Winter Camping- Tips and Resources

The Presidential Peaks along the Bondcliff trail, Kancamagus, NH.

The Presidential Peaks along the Bondcliff trail, Kancamagus, NH.

As any camping fanatic would, I have an obsession with winter camping. The crisp air, amazing vistas and the harsh environment have always inspired me to take my mountaineering to the next level and made me feel stronger in my abilities.

For me, winter camping and winter mountaineering go hand in hand. The idea of sleeping at the feet of great mountains covered in snow, then climbing up to the top of them and over during the day has always brought joy to my heart.

I grew up outside of New York City, a city boy who from a young age, loved the wilderness. I frequented the White Mountains of New Hampshire; nestled in the Kancamagus Wilderness, near Loon Ski resort, a network of beautiful, challenging trails up into the clouds…upstate New York, the Adirondack’s, Peekskill’s and finally, transition to current day: Colorado.  Moving up the food chain towards bigger, badder mountains has always been a focus of mine!

Illumination!

Illumination!

Sidebar: No matter where you are, if you’re above 40 latitude, you can probably go winter camping!

Here are some important things to remember when exploring the backcountry during the winter months. Don’t be fooled, the added elements of winter camping bring increased danger, consequences, and remoteness to the scenario.

Safety:

Winter camping safety is paramount! You will be exposed to cold temperatures for extended periods, and must know how to regulate your temperature in camp and on the trail. You can find everything you need to know about safety and smart tips for the winter camping in the NOLS Winter Camping hand book available at NOLS.com

Available at www.nols.com

Available at www.nols.com

Awareness:

Winter is a time when competition for resources is the greatest. Some animals hibernate for the winter to conserve energy, while others roam looking for food. Be sure to know what type of wild life is prominent where you are camping, and how to store your food to prevent run-ins with wildlife. Never store food on your person when sleeping.

Preparedness:

Bring proper clothing, extra, and warmer than you think you need. Snow covered ground can conceal potholes, creeks and streams which can still be flowing underneath and cause hazards for hikers. Always carry extra socks and have fuel to start a fire in the snow to dry your belongings. Bring a candle for inside the tent, it will produce heat, attract the bugs away from you, and has the longest battery life of any light!

*Also be sure to have: an Ice axe for self arrest, a shovel, rain coat, rain pants, extra leggings, 0 degree sleeping bag, ground tarp, thick foam pad (works better than air on the cold snow) and plenty of fuel for your stove!
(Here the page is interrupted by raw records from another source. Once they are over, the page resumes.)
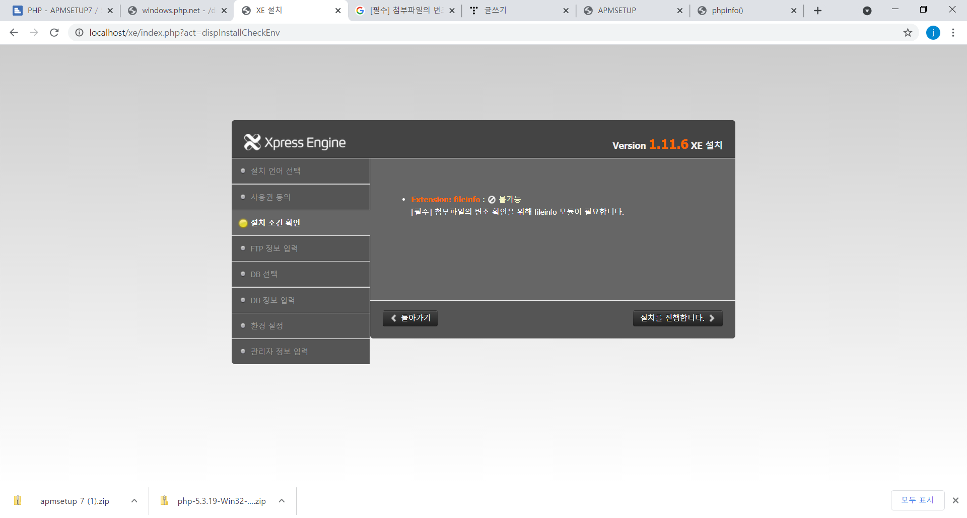 autoset 10 에서 xe3설치시 FileInfo PHP 확장 기능이 필요합니다에 X 가 쳐있다.
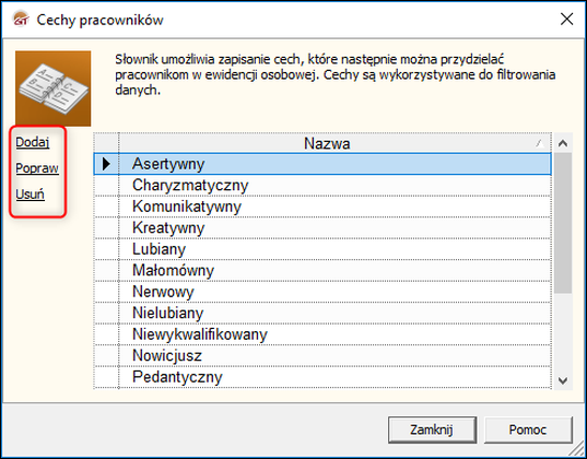 Słownik cech pracowników zawiera pozycje, które użytkownik może przypisać w ewidencji osobowej. Aby zdefiniować nowe cechy pracowników, należy:
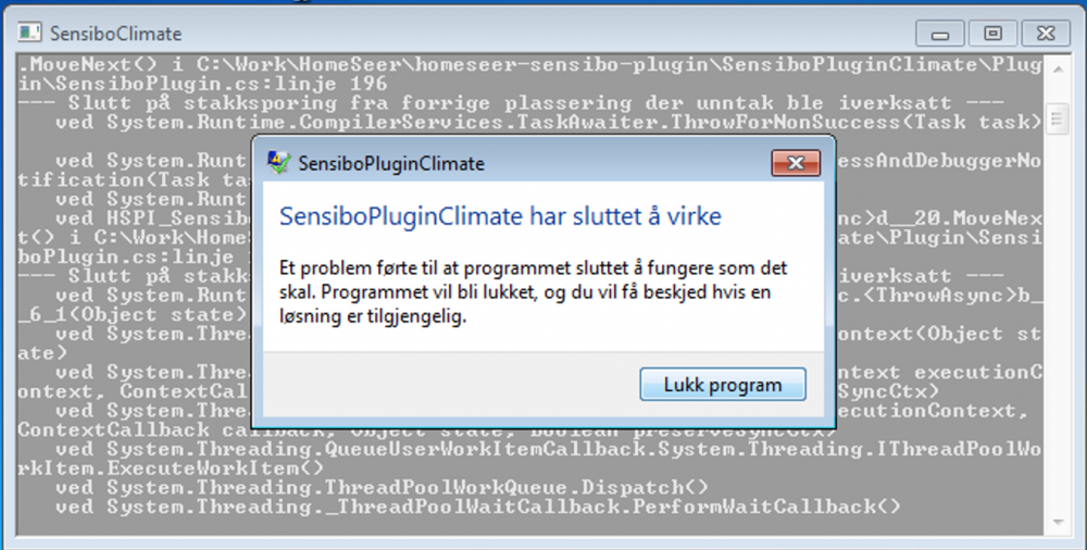 Sliter med å få denne til å funke på HS3 på Win7 maskin. Installerte og startet, alt så fint ut, så la jeg inn API key, men ikke noe skjedde. Ventet et par minutter, men fortsatt ingen devicer. Prøvde deretter å restarte plugin, men jeg stopped den, ville den ikke starte igjen, fikk opp feilmelding: Forsøkte deretter å slette config-fila i config-mappa etter tips her i tråden, men da vil ikke plugin starte lengre, får bare opp "INFO: Plugin start is pending" i plugin manager, mens i loggen så står det: "Finished initializing plug-in SensiboClimate". Etter fem minutter kommer dette i loggen: Initializing plug-in(2): SensiboClimate Instance::Objektreferanse er ikke satt til en objektforekomst.STACK: ved System.Runtime.Remoting.Messaging.LogicalCallContext.PropagateIncomingHeadersToCallContext(IMessage msg) ved System.Runtime.Remoting.Proxies.RealProxy.PrivateInvoke(MessageData& msgData, Int32 type) ved HomeSeerAPI.IPlugInAPI.InitIO(String port) ved Scheduler.clsHSPI.CheckInterfaces() Tips til hva jeg kan prøve for å komme på rett kjør igjen?
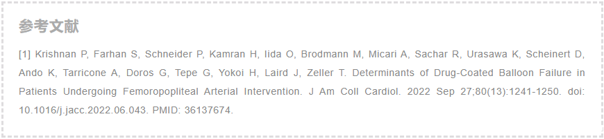 研究人员从目前的研究中调查了股腘动脉DCB治疗失败的预测因素得出以下结论:
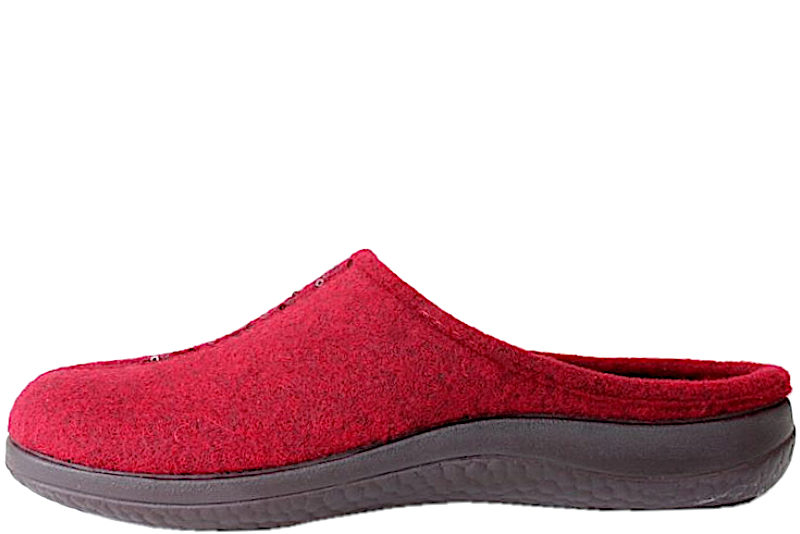 Mørkerød hjemmesko fra Rohde. Hjemmeskoen er af filt og på ydersiden er den med glimtende palietter. Indvendig er der er også filt i mørkerød. Indlægssålen er udtagelig og den er utrolig blød og lækker at træde på. Slidsålen er en brun gummisål. Let og praktisk hjemmesko, som har et frisk look.

An explosion of winter camping gear.

An explosion of winter camping gear.

Style:

Something I like to have on every camping trip. Winter is the time to bring more than you might think you’ll need. Hiking in/with snow shoes, or cross country skis makes the distance easier and more fun! It can also be very tiring, and will sap you of your energy fast, so be sure to bring food that will bolster up your strength! I like to go gourmet, and bring bacon, cream cheese, yogurt, and other things that can be kept in packed snow for freshness. Fresh greens and packaged meat will also give you style points, as well as energy in loads. Consider bringing a sled to tow supplies into a base camp and do day hikes from there!
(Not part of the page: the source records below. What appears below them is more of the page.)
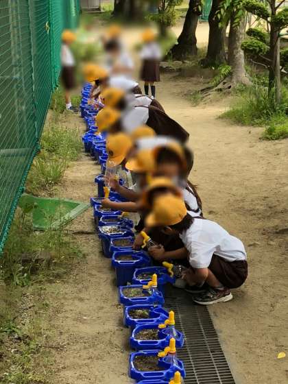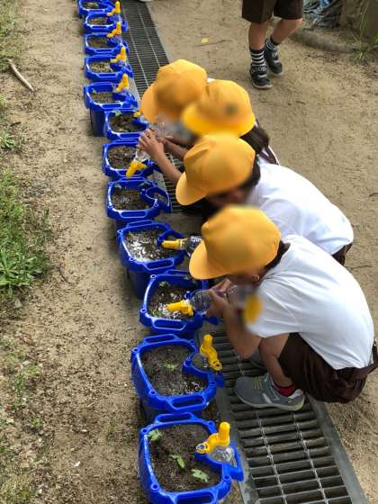 児童朝会のあと、それぞれの鉢に、水をやりました。
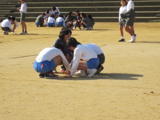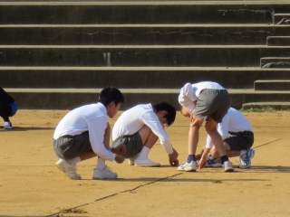 11月19日(金)の昼休みに、美化委員会主催のキラキラ活動『グラウンド感謝祭』が行われました。日頃、楽しく活動させてもらっている運動場に感謝の気持ちを込めて、石拾いをしようという企画です。予定していた日が雨で順延になり、今日やっと実施することができました。
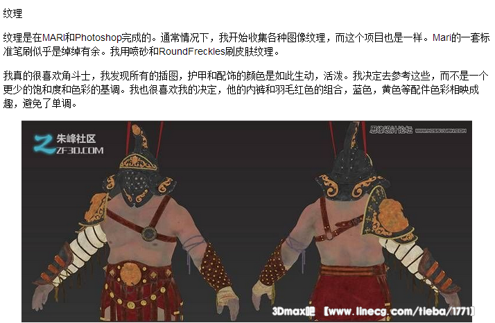 项目的来源来自于一本书,这个古罗马的角斗士没什么关系,主要是我读了一些东西,获得的灵感。在开始之前,我总是收集各种各样的参考,我不能分心,我通过网络收集各种各样相关的事物,收集服装武器饰品的照片,我决定在我的模型中使用这些。我不是肌肉男的粉丝,所以呢,我决定做一个更加自然的人而不是很多肌肉的肌肉男,我用自己的照片,做一些肌肉的参考。模拟人体身体的雕刻过程相当简单:大部分都是zbrush雕刻的,使用标准笔刷,以及自定义了一些笔刷。基本上,都是基本笔刷的微小调整(阿尔法35 ,硬度8 ) 。下面是我刷的小臂和小腿的肌肉。

Winter camping by moonlight

Winter camping by moonlight

While all this may seem daunting, remember that winter camping has amazing benefits! You get to see vivid animal tracks in the snow, you get extremely cold water, ice to pack meat, beer or whatever you decide to bring, and above all, the crisp, clear silence of the great outdoors at their most peaceful time. Winter.
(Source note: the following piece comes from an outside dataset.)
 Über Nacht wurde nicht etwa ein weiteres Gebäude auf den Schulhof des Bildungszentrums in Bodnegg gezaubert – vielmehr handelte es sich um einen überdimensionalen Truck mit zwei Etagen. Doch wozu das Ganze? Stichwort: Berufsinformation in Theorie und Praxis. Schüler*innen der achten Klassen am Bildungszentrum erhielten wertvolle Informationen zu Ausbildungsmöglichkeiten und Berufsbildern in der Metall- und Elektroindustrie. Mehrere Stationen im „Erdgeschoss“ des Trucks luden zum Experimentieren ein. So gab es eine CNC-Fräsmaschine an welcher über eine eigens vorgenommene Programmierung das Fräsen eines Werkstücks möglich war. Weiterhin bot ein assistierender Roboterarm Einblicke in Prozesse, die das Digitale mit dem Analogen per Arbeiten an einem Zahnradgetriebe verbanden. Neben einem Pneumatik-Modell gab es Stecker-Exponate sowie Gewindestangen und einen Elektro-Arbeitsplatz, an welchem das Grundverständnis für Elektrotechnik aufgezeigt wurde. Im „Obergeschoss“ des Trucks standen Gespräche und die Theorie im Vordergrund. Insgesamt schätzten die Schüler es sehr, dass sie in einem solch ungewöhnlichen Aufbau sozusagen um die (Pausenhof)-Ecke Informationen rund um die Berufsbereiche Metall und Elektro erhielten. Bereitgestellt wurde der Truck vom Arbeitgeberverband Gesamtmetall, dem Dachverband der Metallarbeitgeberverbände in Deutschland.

So when your thinking of things to do this season, keep in mind that while the resort life may be great, sometimes its nice to slip into the woods for a few days and remember how to live simply and humbly.

Comments

  1. Great post :)
    I went winter camping (though just drive-up with hiking through the day) for the first time this winter, and it was really amazing. I want to get more into it now that I’ve seen that it can be done fairly easily.